Social constructionism basically focuses on the uncovering of the ways by which inpiduals and groups take part in creating assumed social reality. Social constructivism entails examining the ways by which social phenomena are brought forth, institutionalised and finally made to tradition by people. This is seen as s process in flux, changing from time to time. Reality, in this sense, is produced by people when they act on their interpretations of it.

“Constructionism” was made prominent in the United States by Peter L. Berger and Thomas Luckmann’s 1966 in the book: “The Social Construction of Reality”. Berger and Luckmann (1966) argued that all knowledge, including the most basic, taken-for-granted common sense knowledge of everyday reality, is derived from and ultimately maintained by social interactions. As people interact with one another, they do so with the understanding that their respective perceptions of reality are similar. They act upon this understanding and therefore their common knowledge of reality becomes reinforced. Since this common sense knowledge depends on people, human typifications, significations. Institutions come to be presented as part of an objective reality.It is in this sense that it can be said that reality is socially constructed.

Marvin Carlson is one of the few researchers to work on the theory initially.
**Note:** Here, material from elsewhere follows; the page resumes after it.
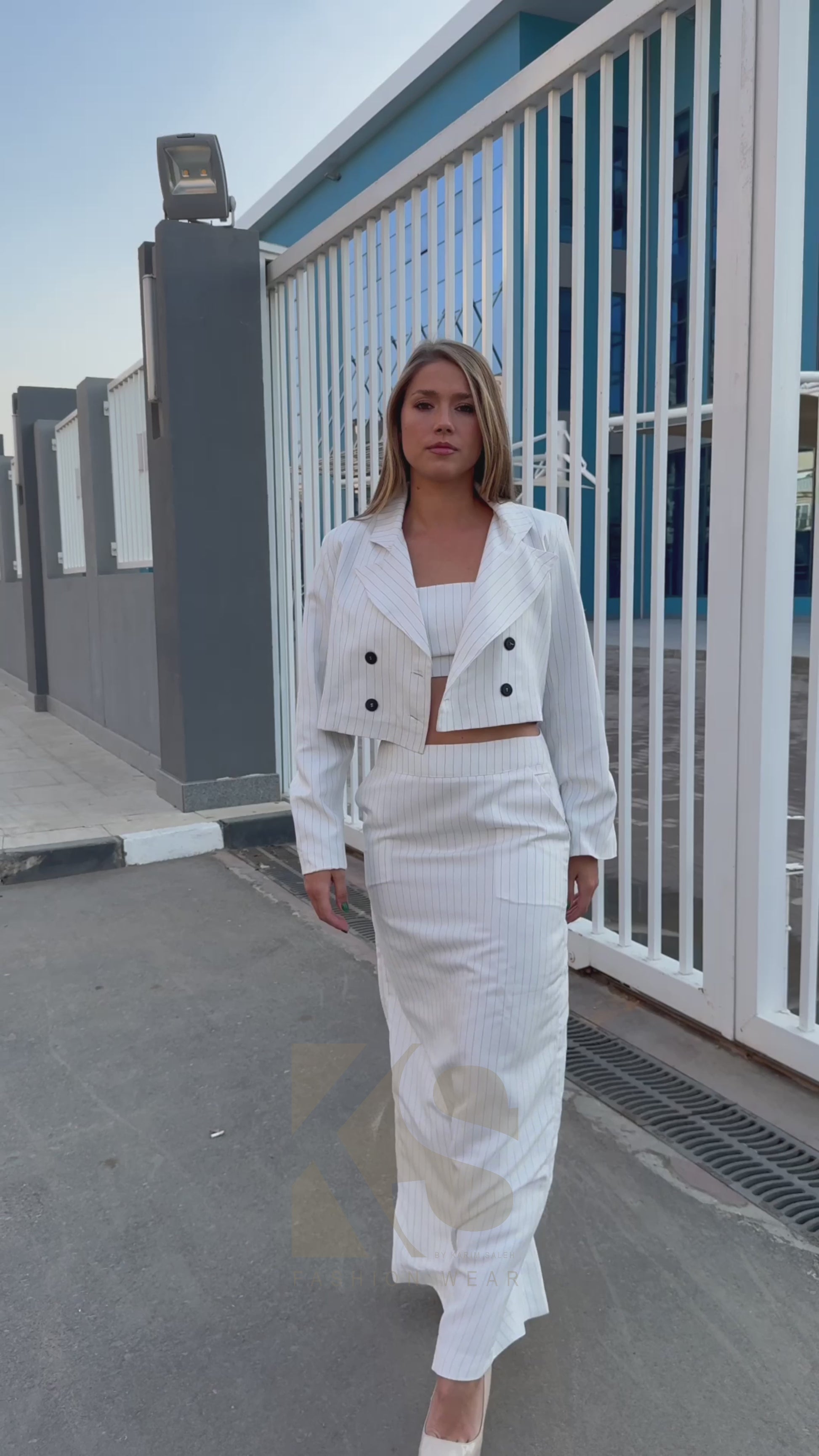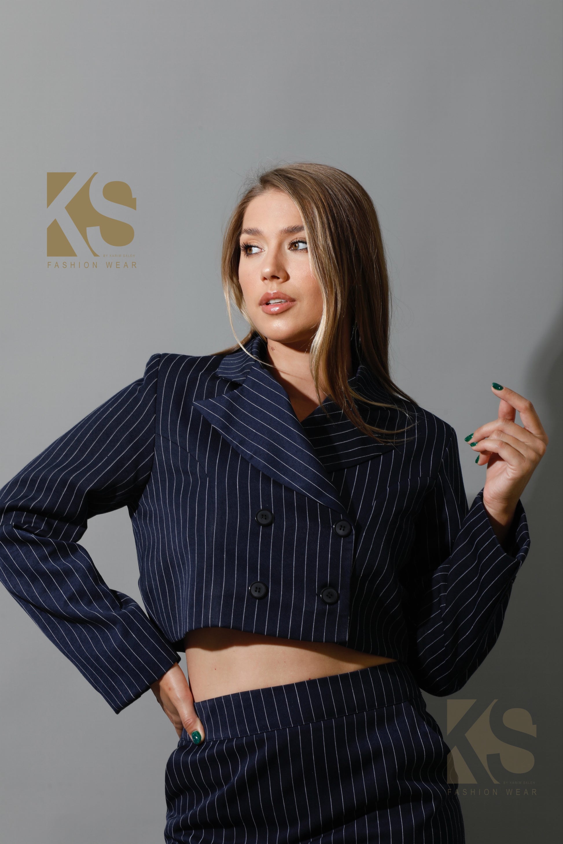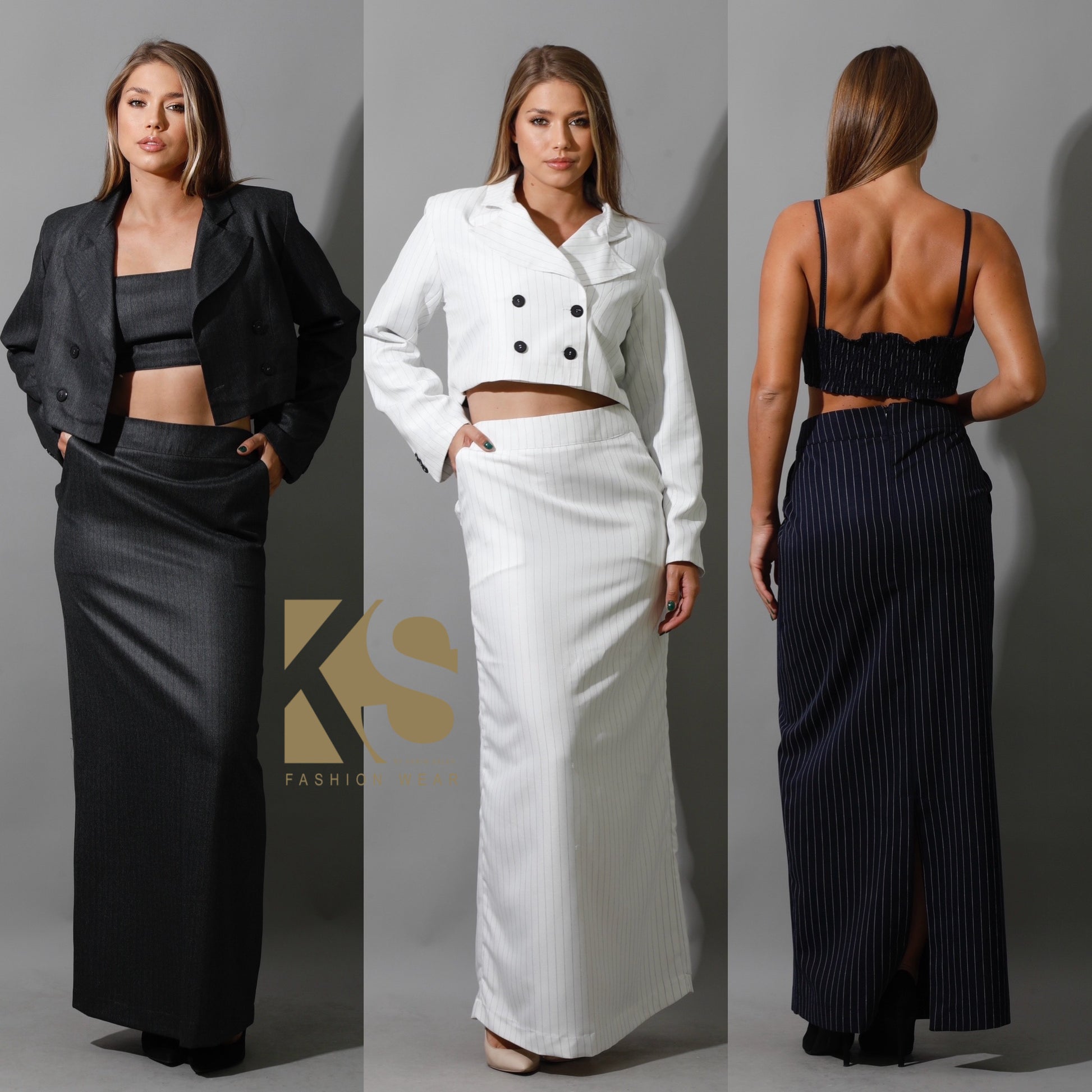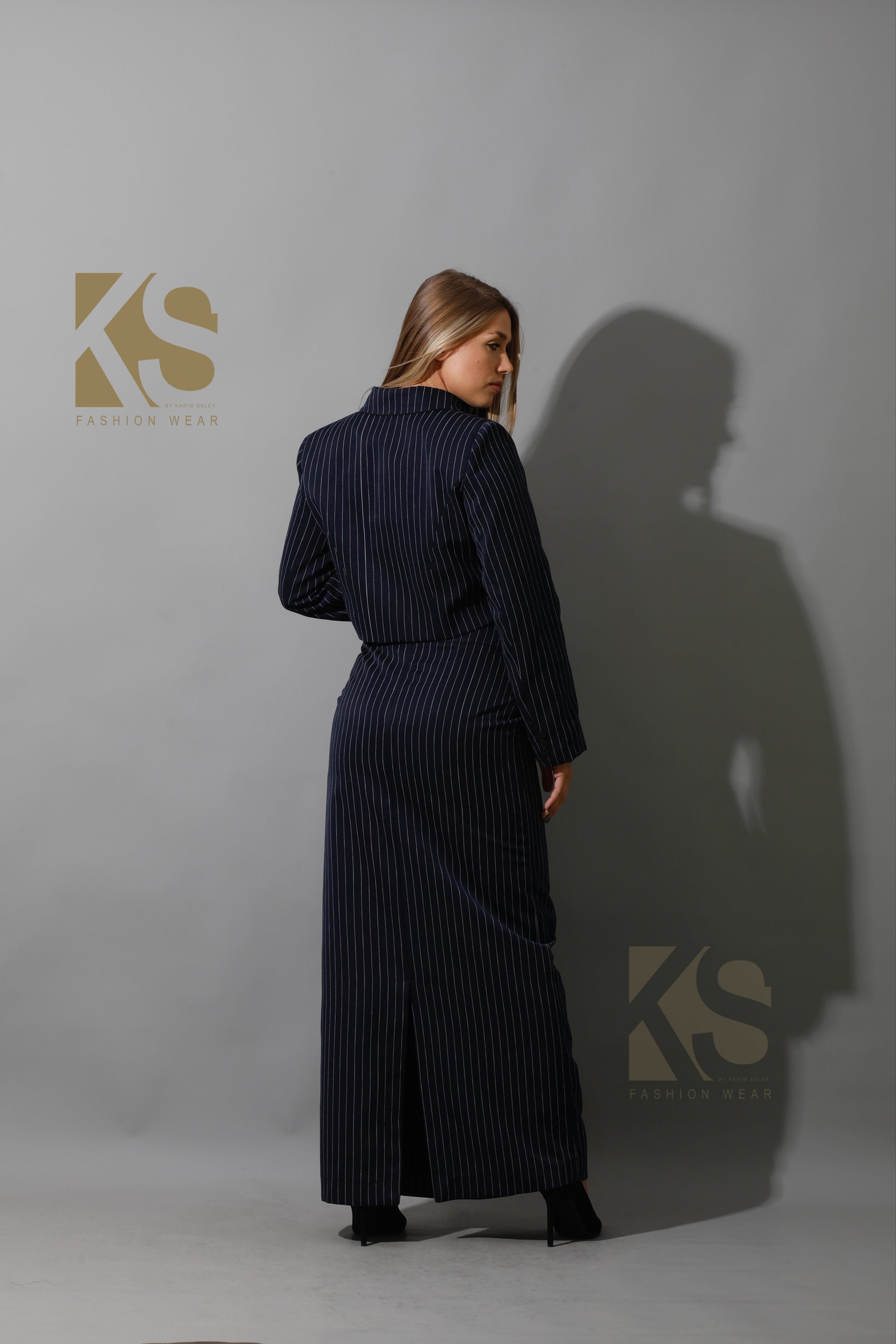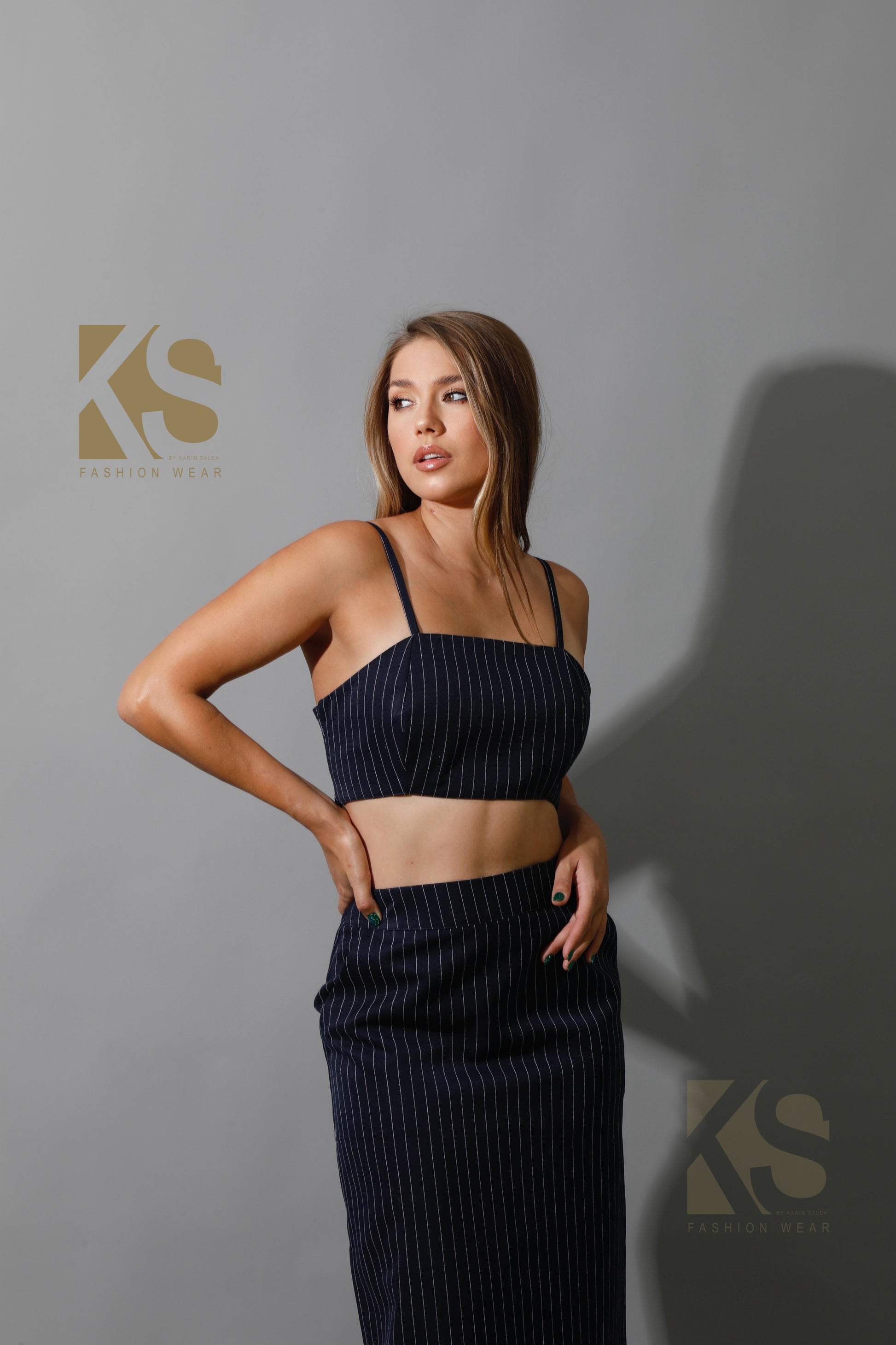 Striped Cropped Blazer, Bra Top & Maxi Skirt Co-Ord - Navy

He believed that people’s lives “are structured according to repeated socially sanctioned modes of behaviour” and this “raises the possibility that all human activity could potentially be considered as performance.” This is the deviant way in which people act in public society to conform. In sociology of knowledge, what seems real to members of a social class arises from the position of the class, such as the capitalist or working classes, especially with respect to the economic fundamentals which affect the particular social class. According to the theories advanced by Karl Mannheim, who formulated the classic theories of sociology of knowledge, intellectuals occupy a special position which is to some extent free of the intellectual blinders imposed by the social position of other classes.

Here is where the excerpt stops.